The morning sun begs me to venture out of my apartment and enjoy the outside world away from the stale air in my tiny apartment. But, it’s a weekend, which means it’s a good day for some recreational programming. There is no world away from the glow of the monitor and the clacking of the keyboard.

I think I’ll use Java to procedurally generate a new desktop image. Of course I have access to photo editing and 3D rendering software, but what fun is that? I want to do this from the ground up using only core Java. I’ll post each version of the program as it evolves along with its output image of course.

I’m envisioning an infinite labyrinth stretching to the horizon. The plan is to use a space-filling curve. Check out the following 6 paths.

|

r




L

7

J

Each path visits the 25 cells making up the grid exactly once. It always enters a cell through 1 wall and it exits through a different wall. There are 6 possible ways to visit a cell for which I’ve named: −, |, r, L, 7, J. Those symbols somewhat resemble the possibilities. You’ll notice that the paths above are named after the way the center cell is traversed. But, not only that, the path as a whole exhibits the same visitation behavior when you consider the boundaries of the grid. For instance, the L grid scaled to 1/5th its size could replace the center cell of the L grid itself. In this way, the paths above are self-similar. In theory, you could substitute cells at smaller-and-smaller scales indefinitely, creating a space-filling curve.

If you look carefully at the (hastily created by copying, scaling and pasting in a paint program) image above, the center cell is of type L, the center 5×5 cluster of cells is of type L, and the entire path itself is of type L. This means that instead of shrinking paths, you could construct an infinitely large version by building outward. No substitutions are required. It just keeps growing.

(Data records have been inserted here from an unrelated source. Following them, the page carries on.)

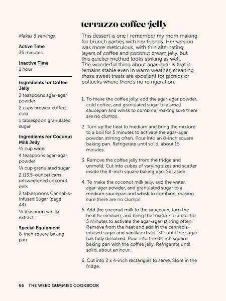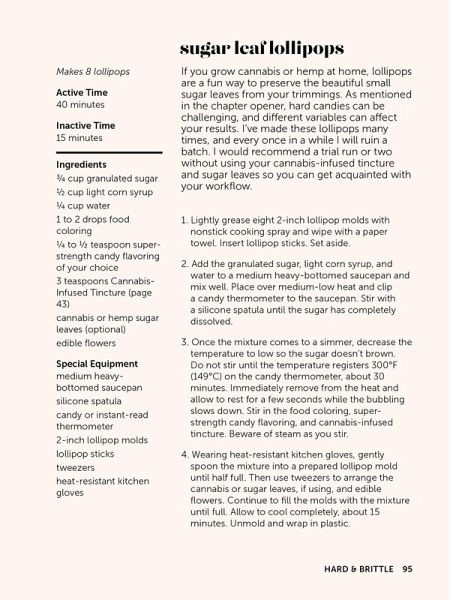 Create delicious cannabis confections with this user-friendly guide to making THC- and CBD-infused gummies, jellies, soft caramels, hard candies, and more delicious edibles! Create delicious cannabis confections with this user-friendly guide to making THC- and CBD-infused gummies, jellies, soft caramels, hard candies, and more delicious edibles! Winner of a 2022 GDUSA Design Award™ Homemade edibles are cost-effective, discreet, and delicious! This practical cookbook is the go-to resource for the cannabis curious of all levels and offers approachable ways to incorporate a variety of cannabinoids into your routine. With step-by-step instructions and color photos, you'll also get pro tips for safely handling and labeling your confections. Get inspired to create your own special gummies and candies that are even better than your average dispensary-bought treats! Inside you'll find weed-infused recipes like: * Sour Green Apple Gummies * Lavender Chamomile Sleep Gummies * Mocha Caramels * Honey Elderberry Lozenges * And More! Take your cannabis cooking skills to the next level with this ultimate cookbook.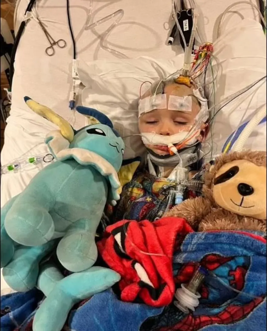 Noah Brown, 3, is pictured gravely-ill in hospital after being beaten with belt 'by babysitter aged TWELVE who got upset with him for crying' https://t.co/PMl7Y7Vg58 pic.twitter.com/7ufDzNhR4z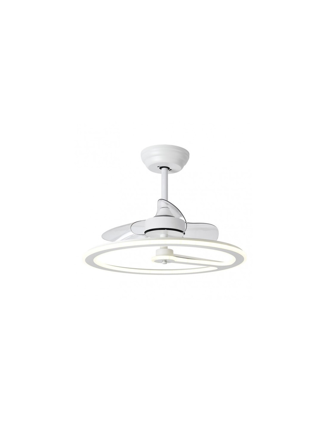 Ventilador de la serie CHOM color Blanco, con tres aspas transparentes y 6 velocidades. Motor DC. Realizado en metal, ABS y policarbonato. De diseño muy moderno y original. Tecnología LED integrada con 110 watios de potencia , 9350 lúmenes y con 3 colores de luz (3000ºk-4000ºk-6000ºk). Incluye MANDO A DISTANCIA, con MEMORIA DE COLOR incorporada y TEMPORIZADOR 1/2/4 H. Sus dimensiones son 46/66x62x62 centímetros, con dos medidas de tijas para diferentes alturas (20cm y 40 cm). En esta serie podemos encontrarlos disponibles en color negro y blanco.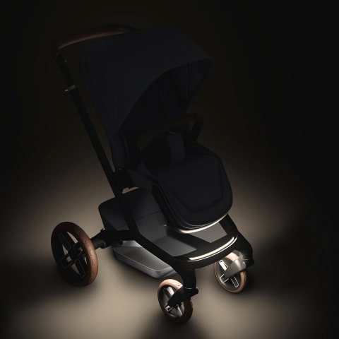 Le châssis emblématique de la poussette dispose d’un système de lumières LED intégré conçu pour éclairer les rues sombres et les chemins peu éclairés, vous permettant ainsi de rester visible et en toute sécurité, vous et votre bébé, à tout moment.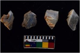 | Description / विवरण | There are n 4 flakes tool; there are flakes tool with prominent flaking marks. It made up of a large flakes with sides trimmed. It is rectangular in shaped. |
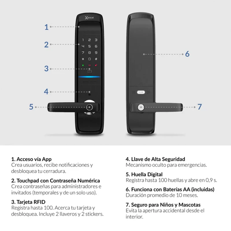 - App compatible iOS y Android: Excel Smart Doorlock.
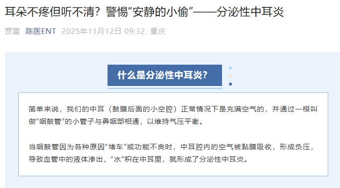 耳朵不疼但听不清?警惕“安静的小偷”——分泌性中耳炎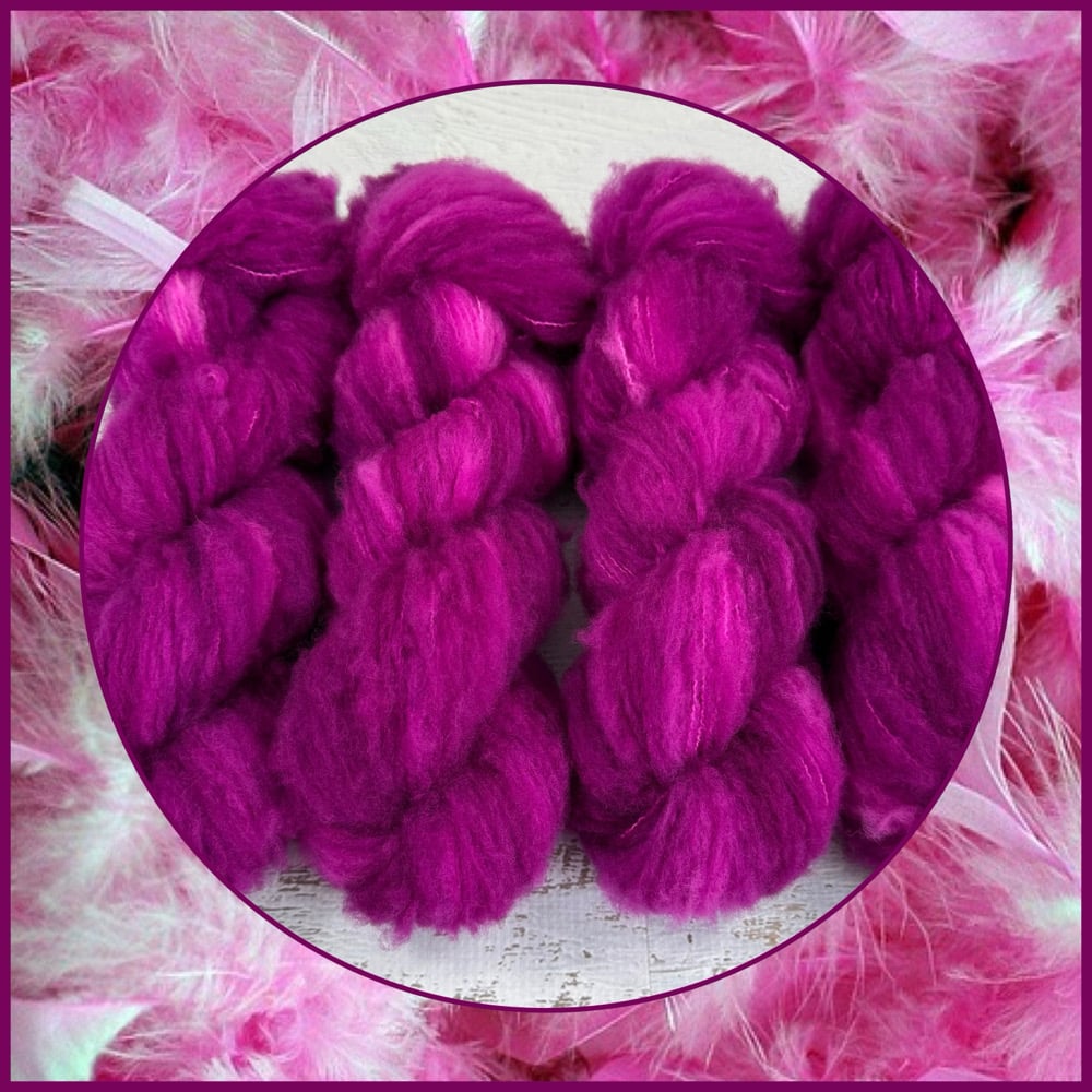 Fluffy skeins in this shade of pink could pass for a feather boa! Well...maybe. lol

To represent a path traversing a cell, I’ll create a 3×3 grid. The tiles of those grids will either be solid or empty.

|

r

L

7

J

We can start with any type centered about the origin. Then, we build 2 layers around that to replicate the type that we started with. To build the successive layers, we recursively construct them from the 3×3 grids on up. The important thing is that it is always possible to rapidly figure out if a particular cell is solid or empty without actually building out that far. Instead, you keep subdividing the space around the point of interest until you are down to a single cell.

Step 1

I got Netbeans open and I created a new class.

public class Main {

  public static void main(String[] args) {
  }

}

Step 2

I banged out some code to crank out an image.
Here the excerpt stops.